**Exercise aim**
Print every line from the start of the data, and when you reach the line with "Travis Scott, Gear", include it and stop. Pictures are not part of the copy.

**Provided data**
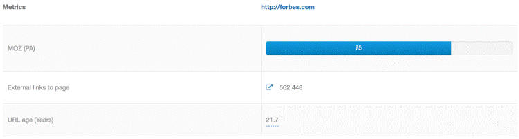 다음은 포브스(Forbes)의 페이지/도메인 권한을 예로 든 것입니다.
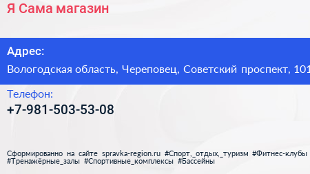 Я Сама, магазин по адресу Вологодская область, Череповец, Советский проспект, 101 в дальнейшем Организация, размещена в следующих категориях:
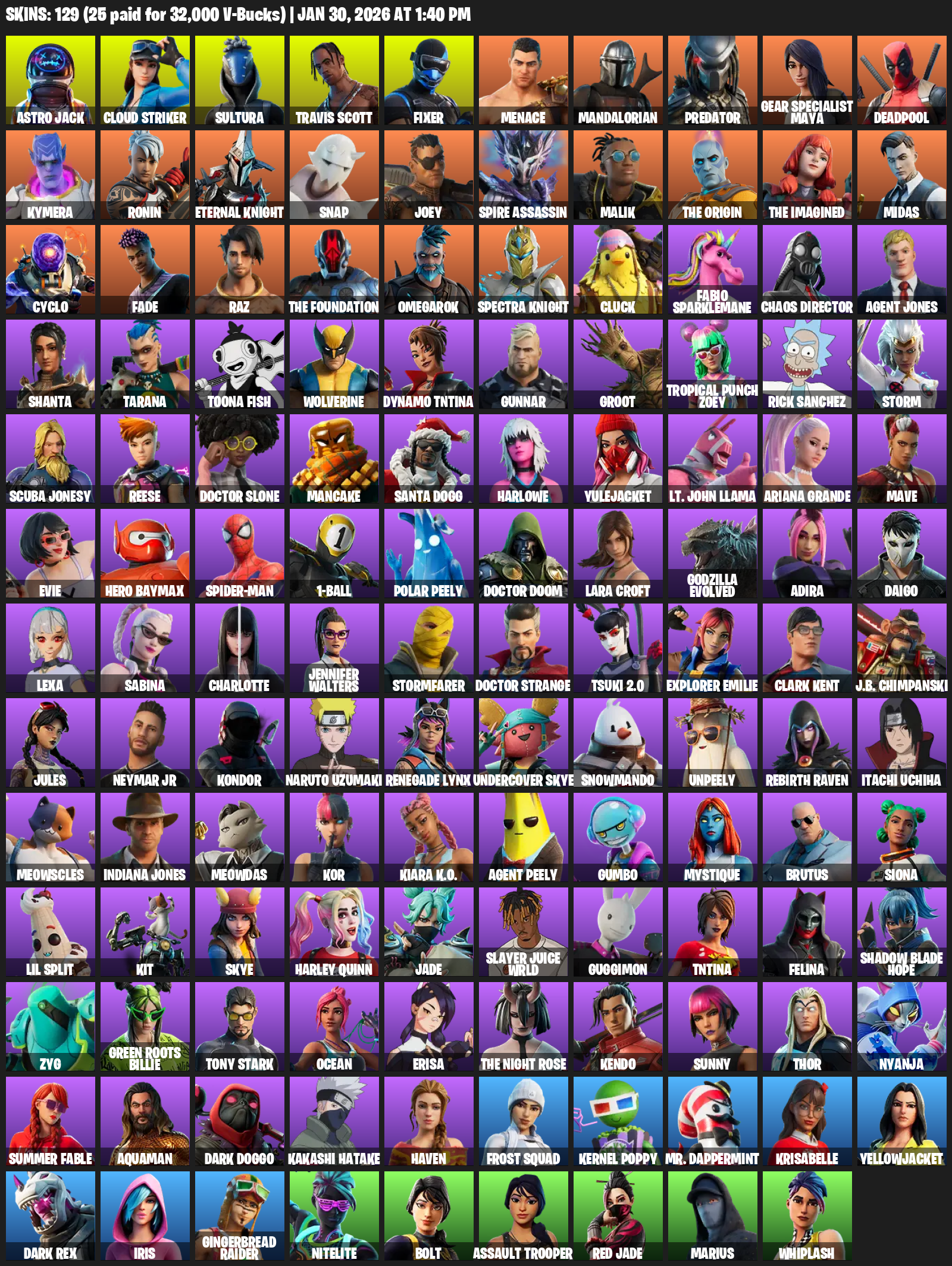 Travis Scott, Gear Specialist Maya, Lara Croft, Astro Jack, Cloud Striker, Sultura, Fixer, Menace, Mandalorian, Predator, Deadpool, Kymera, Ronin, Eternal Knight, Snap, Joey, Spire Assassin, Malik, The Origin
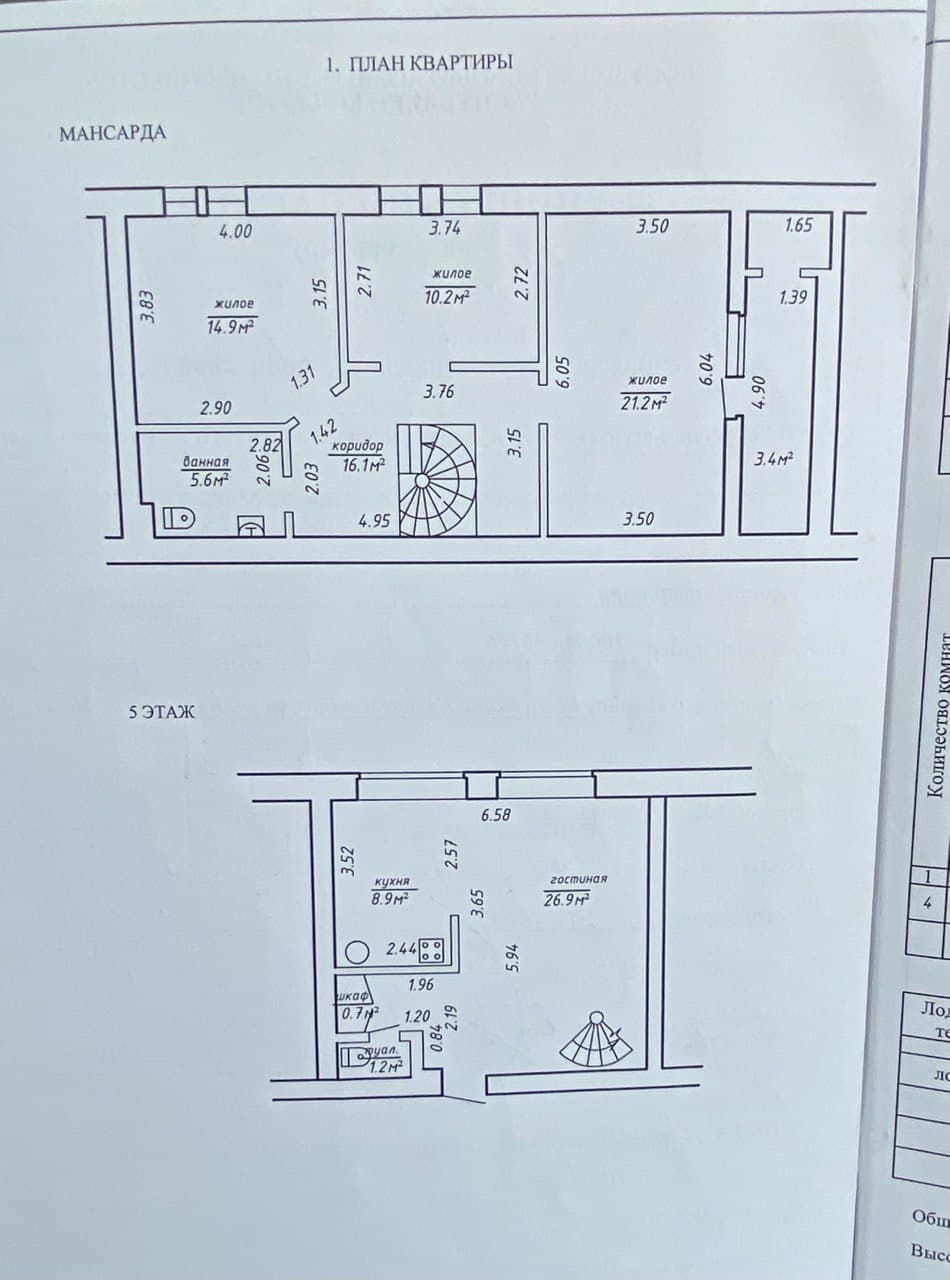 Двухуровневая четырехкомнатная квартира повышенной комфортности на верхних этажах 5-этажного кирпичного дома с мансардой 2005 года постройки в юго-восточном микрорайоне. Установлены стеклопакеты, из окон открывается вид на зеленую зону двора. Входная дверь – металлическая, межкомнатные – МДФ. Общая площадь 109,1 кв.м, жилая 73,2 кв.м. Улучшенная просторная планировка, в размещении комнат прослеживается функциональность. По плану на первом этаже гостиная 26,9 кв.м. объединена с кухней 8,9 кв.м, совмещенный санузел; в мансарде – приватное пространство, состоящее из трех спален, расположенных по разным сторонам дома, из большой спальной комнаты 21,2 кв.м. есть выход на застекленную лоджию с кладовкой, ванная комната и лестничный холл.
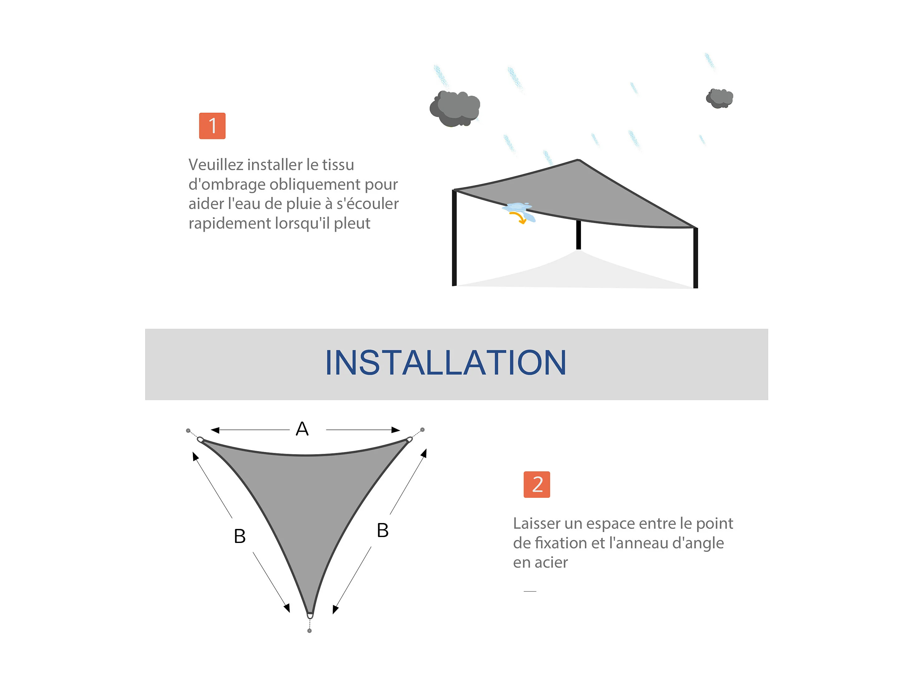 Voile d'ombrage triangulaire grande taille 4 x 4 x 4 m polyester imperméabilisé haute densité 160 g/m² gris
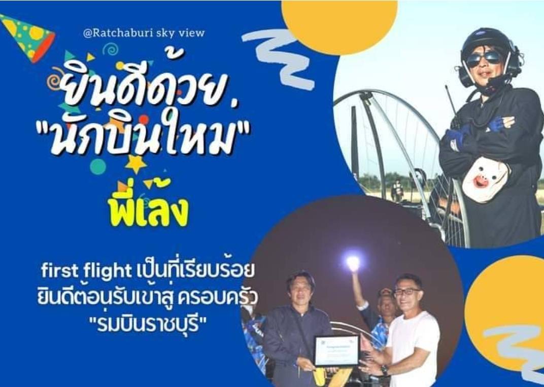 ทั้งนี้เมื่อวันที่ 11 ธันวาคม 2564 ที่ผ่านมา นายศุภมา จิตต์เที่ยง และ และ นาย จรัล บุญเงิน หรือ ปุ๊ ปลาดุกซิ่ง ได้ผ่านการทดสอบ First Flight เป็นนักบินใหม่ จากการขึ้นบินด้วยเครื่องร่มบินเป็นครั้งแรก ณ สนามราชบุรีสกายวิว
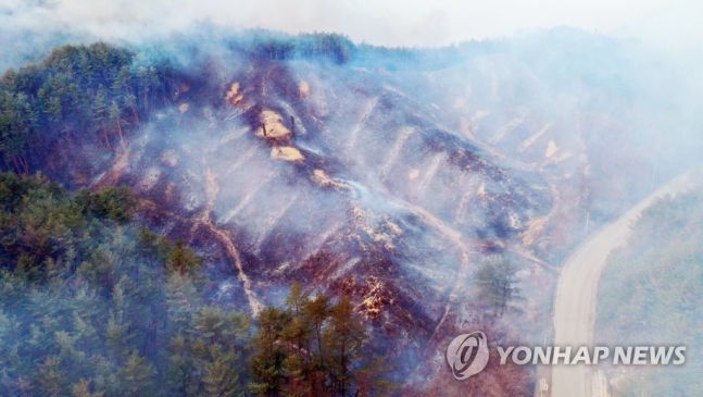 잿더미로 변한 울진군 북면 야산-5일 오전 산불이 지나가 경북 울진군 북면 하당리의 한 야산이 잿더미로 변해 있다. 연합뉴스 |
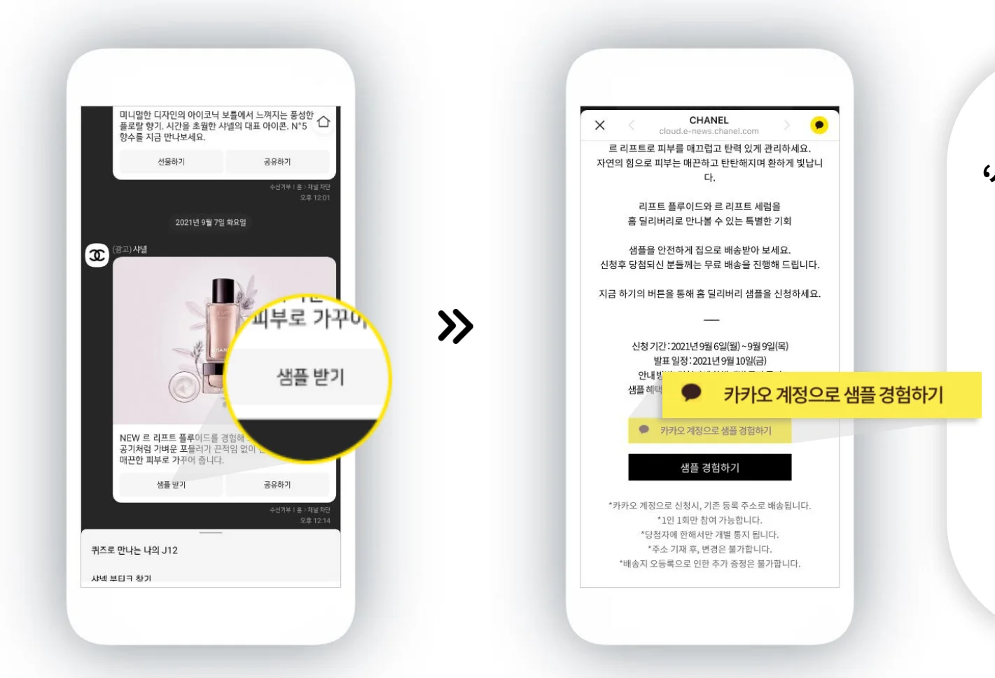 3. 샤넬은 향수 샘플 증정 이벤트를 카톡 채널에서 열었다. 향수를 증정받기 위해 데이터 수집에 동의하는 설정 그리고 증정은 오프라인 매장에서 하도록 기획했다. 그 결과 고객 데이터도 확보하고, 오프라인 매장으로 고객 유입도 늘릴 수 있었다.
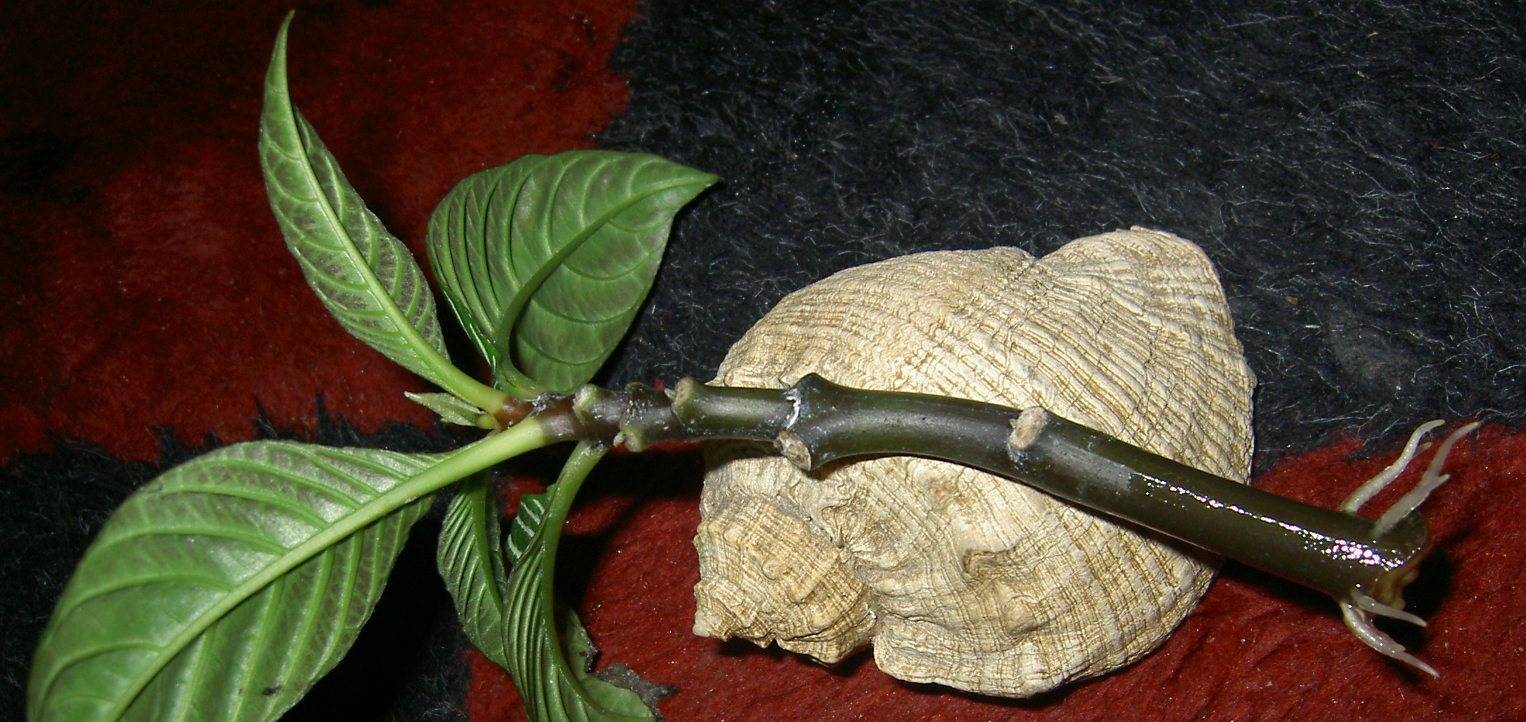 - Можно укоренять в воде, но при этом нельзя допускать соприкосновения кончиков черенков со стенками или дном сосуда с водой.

**Answer to this problem**
 다음은 포브스(Forbes)의 페이지/도메인 권한을 예로 든 것입니다.
 Я Сама, магазин по адресу Вологодская область, Череповец, Советский проспект, 101 в дальнейшем Организация, размещена в следующих категориях:
 Travis Scott, Gear Specialist Maya, Lara Croft, Astro Jack, Cloud Striker, Sultura, Fixer, Menace, Mandalorian, Predator, Deadpool, Kymera, Ronin, Eternal Knight, Snap, Joey, Spire Assassin, Malik, The Origin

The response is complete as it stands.